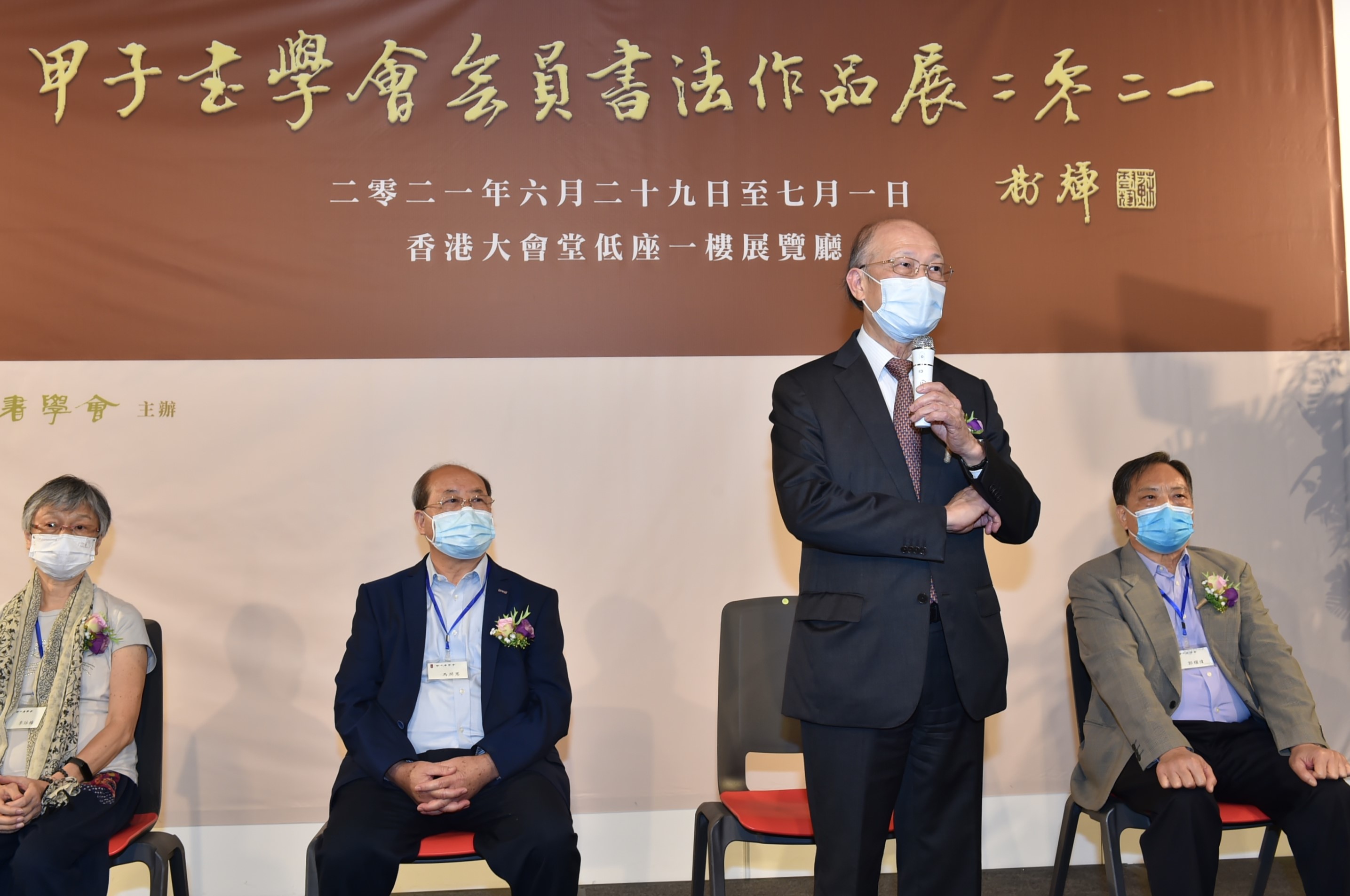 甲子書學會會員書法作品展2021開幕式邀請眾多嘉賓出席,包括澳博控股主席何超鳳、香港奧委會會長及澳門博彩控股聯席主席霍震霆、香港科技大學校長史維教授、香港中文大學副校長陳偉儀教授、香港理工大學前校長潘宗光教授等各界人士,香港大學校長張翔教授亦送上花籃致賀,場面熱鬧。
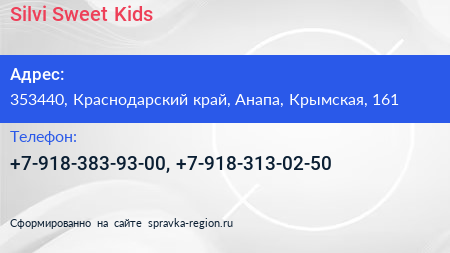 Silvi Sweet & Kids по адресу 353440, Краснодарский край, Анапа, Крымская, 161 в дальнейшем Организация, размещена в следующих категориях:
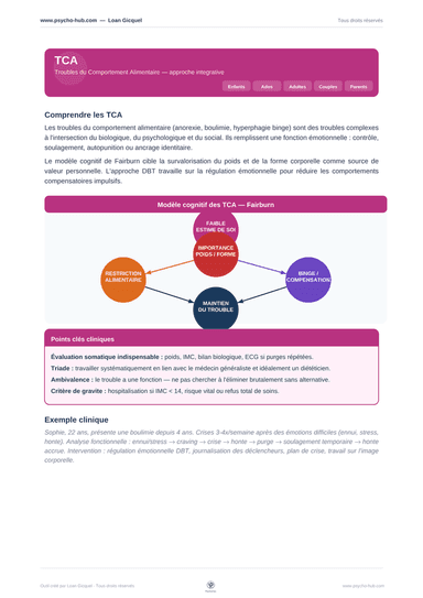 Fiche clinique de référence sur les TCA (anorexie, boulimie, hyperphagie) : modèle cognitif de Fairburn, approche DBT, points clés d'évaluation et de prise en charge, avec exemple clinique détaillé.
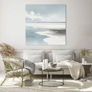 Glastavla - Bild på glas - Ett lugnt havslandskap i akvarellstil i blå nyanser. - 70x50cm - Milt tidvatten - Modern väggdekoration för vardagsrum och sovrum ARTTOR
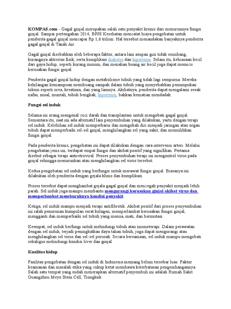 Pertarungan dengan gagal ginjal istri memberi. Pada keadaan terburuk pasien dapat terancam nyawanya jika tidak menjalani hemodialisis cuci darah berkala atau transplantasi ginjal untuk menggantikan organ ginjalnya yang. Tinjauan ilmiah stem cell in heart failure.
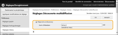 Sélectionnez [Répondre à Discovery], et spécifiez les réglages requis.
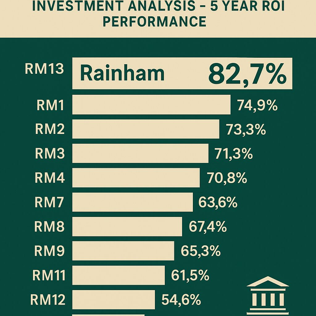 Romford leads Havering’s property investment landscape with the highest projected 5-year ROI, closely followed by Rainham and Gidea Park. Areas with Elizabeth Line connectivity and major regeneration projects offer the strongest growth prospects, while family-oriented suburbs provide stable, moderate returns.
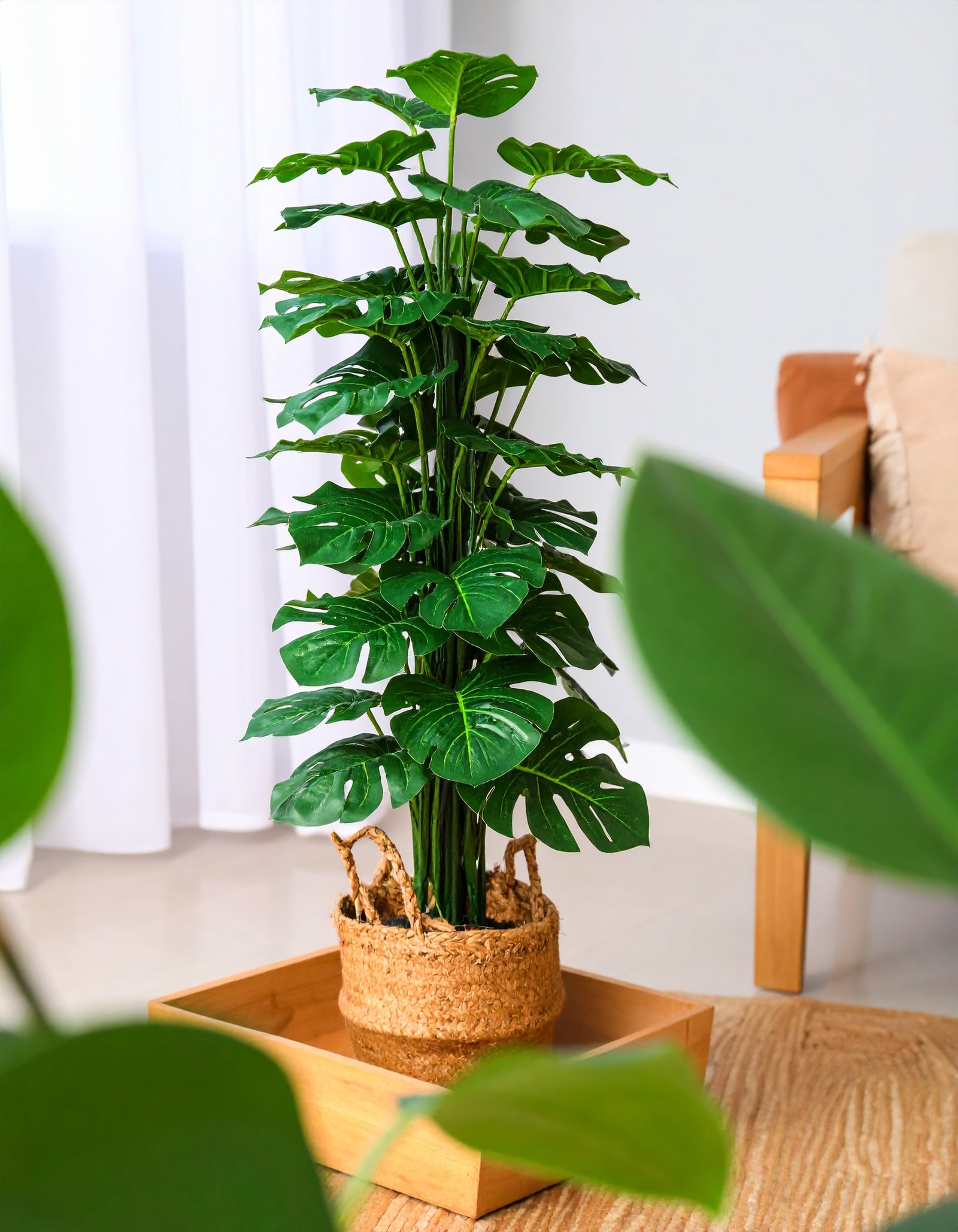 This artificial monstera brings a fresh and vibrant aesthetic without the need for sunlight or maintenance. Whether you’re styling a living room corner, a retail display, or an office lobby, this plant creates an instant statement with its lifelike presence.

· · · · ·

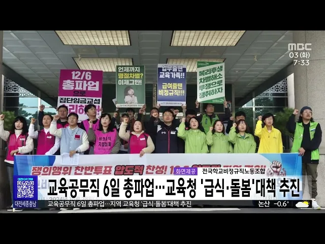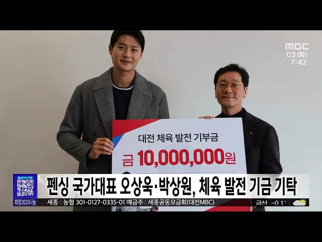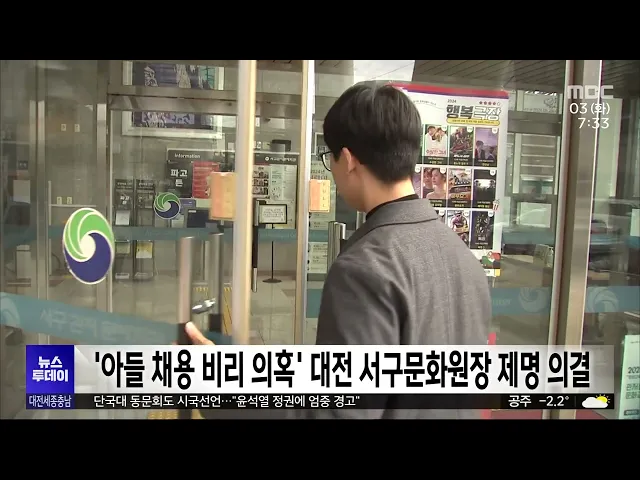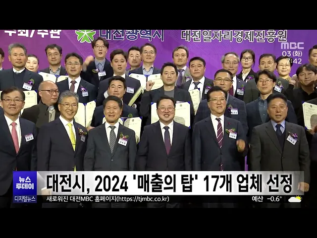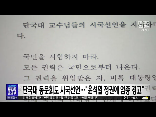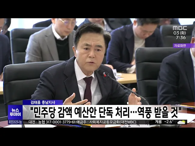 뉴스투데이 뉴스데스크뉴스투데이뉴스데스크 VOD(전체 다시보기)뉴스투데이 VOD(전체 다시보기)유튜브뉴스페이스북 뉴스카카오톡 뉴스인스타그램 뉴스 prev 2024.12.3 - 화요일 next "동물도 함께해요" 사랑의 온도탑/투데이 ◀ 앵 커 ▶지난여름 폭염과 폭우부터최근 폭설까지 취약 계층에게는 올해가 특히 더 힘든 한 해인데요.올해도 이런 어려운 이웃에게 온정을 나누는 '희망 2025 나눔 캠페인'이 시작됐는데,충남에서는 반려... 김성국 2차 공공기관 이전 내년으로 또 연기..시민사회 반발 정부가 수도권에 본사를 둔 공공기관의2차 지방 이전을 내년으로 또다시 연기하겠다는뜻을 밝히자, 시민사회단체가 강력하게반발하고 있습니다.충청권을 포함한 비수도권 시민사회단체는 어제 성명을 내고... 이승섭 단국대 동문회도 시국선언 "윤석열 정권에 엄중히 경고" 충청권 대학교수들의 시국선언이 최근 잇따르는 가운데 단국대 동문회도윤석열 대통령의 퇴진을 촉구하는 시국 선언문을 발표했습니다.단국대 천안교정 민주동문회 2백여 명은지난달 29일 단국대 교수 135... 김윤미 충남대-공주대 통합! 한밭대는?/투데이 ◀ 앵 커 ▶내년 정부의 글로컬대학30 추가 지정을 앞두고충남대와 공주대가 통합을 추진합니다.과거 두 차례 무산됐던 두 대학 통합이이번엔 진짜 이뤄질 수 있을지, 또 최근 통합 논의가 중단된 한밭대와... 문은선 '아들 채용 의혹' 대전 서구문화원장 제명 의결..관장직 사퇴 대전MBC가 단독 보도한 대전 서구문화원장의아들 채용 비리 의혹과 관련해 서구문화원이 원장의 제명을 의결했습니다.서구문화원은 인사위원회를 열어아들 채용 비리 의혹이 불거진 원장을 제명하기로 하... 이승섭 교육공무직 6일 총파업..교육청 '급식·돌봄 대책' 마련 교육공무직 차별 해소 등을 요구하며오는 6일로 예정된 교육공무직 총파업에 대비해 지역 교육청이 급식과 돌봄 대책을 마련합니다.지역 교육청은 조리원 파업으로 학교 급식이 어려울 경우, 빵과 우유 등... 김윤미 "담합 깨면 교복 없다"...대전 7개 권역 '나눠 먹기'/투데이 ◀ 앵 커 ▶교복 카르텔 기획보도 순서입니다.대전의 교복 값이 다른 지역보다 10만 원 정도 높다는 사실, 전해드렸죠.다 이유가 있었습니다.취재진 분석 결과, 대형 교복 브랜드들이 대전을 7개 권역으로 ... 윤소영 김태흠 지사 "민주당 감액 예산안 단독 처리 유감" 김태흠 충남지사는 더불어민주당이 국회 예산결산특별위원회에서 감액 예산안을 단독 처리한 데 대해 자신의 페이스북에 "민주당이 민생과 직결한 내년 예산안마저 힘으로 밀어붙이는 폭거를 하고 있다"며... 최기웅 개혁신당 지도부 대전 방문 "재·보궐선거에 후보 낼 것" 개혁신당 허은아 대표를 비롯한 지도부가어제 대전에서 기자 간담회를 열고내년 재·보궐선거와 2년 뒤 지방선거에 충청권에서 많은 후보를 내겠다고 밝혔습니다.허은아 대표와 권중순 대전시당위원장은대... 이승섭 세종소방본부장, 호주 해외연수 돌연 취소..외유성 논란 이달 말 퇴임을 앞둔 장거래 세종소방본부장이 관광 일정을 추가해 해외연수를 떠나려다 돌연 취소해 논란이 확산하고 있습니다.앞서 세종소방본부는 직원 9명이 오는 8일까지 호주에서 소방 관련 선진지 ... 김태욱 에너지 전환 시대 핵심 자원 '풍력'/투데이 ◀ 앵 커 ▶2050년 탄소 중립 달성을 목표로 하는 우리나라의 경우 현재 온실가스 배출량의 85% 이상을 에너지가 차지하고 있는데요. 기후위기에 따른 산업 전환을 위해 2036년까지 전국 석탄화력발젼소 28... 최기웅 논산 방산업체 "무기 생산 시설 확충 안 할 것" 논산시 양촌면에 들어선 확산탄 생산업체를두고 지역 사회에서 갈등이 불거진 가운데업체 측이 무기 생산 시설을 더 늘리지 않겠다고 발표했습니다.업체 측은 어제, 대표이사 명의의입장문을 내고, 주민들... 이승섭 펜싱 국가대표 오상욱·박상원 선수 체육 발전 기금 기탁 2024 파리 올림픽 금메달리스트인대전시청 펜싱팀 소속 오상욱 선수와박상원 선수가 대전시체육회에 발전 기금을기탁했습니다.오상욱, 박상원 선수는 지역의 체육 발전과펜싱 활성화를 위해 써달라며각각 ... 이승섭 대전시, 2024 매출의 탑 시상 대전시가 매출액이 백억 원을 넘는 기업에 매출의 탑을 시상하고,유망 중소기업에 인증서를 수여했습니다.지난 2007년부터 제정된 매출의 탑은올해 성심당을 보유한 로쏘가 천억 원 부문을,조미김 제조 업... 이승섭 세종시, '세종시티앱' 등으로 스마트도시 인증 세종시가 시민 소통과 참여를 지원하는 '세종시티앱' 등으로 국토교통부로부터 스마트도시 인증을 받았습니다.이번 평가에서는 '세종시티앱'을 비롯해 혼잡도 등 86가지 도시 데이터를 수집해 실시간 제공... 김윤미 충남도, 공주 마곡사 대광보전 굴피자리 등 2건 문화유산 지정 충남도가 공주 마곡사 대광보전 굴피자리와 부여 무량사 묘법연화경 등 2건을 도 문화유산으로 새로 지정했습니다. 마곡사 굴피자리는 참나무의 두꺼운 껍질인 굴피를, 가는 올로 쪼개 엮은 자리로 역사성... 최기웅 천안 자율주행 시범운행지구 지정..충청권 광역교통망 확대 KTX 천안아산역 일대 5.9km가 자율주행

· · · · ·

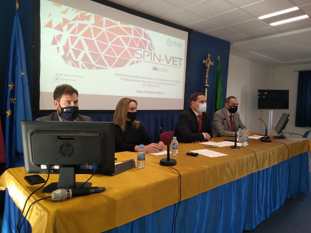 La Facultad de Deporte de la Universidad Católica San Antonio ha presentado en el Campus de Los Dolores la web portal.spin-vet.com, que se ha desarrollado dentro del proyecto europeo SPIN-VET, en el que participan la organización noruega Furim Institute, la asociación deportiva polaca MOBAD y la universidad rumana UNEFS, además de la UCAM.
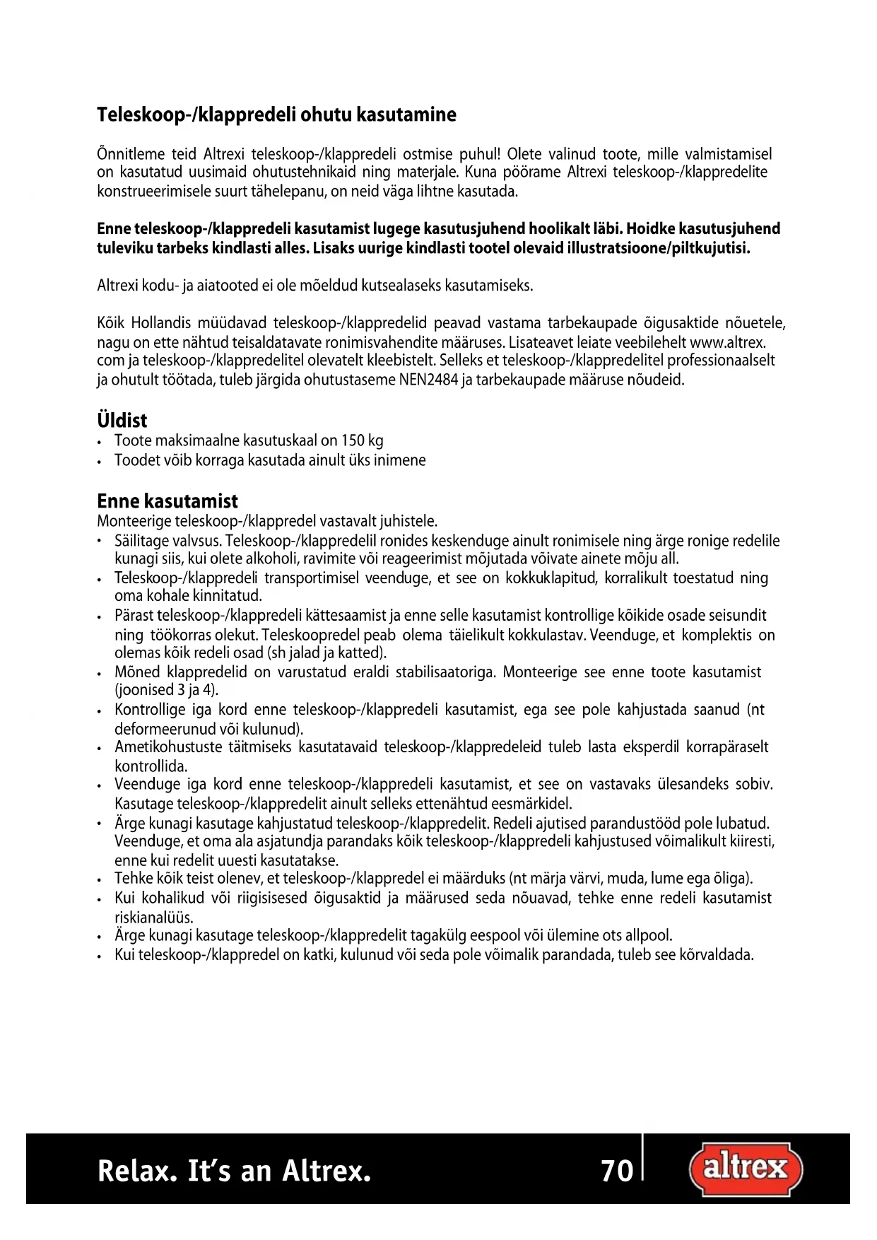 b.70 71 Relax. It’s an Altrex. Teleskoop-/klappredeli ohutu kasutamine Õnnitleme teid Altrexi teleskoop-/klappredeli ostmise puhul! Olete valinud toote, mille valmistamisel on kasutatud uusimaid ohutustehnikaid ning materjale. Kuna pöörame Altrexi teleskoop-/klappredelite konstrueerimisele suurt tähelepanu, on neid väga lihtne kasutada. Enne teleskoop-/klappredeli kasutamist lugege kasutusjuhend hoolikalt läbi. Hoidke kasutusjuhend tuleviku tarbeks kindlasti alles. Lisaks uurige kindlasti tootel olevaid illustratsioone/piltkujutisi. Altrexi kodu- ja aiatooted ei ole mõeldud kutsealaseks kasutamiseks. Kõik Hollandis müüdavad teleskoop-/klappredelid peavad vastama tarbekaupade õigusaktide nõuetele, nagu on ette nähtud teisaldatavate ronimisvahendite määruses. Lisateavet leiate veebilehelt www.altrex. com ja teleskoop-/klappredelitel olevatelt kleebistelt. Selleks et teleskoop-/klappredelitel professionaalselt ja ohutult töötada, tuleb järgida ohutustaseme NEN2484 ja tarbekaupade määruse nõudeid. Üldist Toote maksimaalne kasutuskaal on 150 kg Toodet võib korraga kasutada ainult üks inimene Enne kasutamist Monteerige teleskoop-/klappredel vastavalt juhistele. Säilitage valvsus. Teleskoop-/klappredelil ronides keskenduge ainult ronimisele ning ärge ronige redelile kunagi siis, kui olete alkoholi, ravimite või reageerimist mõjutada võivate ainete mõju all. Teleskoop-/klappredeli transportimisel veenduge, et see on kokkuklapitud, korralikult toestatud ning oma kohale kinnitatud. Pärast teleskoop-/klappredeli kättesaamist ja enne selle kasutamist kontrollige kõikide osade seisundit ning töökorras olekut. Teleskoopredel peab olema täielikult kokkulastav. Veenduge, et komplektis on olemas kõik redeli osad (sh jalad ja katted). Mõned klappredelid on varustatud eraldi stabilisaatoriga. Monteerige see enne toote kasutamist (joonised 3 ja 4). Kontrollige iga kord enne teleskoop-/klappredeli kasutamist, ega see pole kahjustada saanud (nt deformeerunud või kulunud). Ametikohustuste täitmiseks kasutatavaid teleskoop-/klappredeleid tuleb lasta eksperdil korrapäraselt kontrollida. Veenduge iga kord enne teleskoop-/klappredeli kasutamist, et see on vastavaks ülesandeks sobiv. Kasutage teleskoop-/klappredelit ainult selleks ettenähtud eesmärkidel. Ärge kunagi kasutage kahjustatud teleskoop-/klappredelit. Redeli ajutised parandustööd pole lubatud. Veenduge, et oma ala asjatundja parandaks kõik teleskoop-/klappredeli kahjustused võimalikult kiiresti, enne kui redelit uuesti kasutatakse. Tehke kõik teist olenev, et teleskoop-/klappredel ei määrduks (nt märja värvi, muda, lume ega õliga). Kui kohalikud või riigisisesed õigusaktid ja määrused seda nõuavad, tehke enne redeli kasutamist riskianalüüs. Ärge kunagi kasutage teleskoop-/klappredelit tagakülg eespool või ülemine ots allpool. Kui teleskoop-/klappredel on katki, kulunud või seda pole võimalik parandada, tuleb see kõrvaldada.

· · · · ·

● **What is required**: Copy out the lines above from the line containing "Sélectionnez [Répondre à" through the line containing "This artificial monstera", exactly, and keep the pictures out.

● **Output for this exercise**:
 Sélectionnez [Répondre à Discovery], et spécifiez les réglages requis.
 Romford leads Havering’s property investment landscape with the highest projected 5-year ROI, closely followed by Rainham and Gidea Park. Areas with Elizabeth Line connectivity and major regeneration projects offer the strongest growth prospects, while family-oriented suburbs provide stable, moderate returns.
 This artificial monstera brings a fresh and vibrant aesthetic without the need for sunlight or maintenance. Whether you’re styling a living room corner, a retail display, or an office lobby, this plant creates an instant statement with its lifelike presence.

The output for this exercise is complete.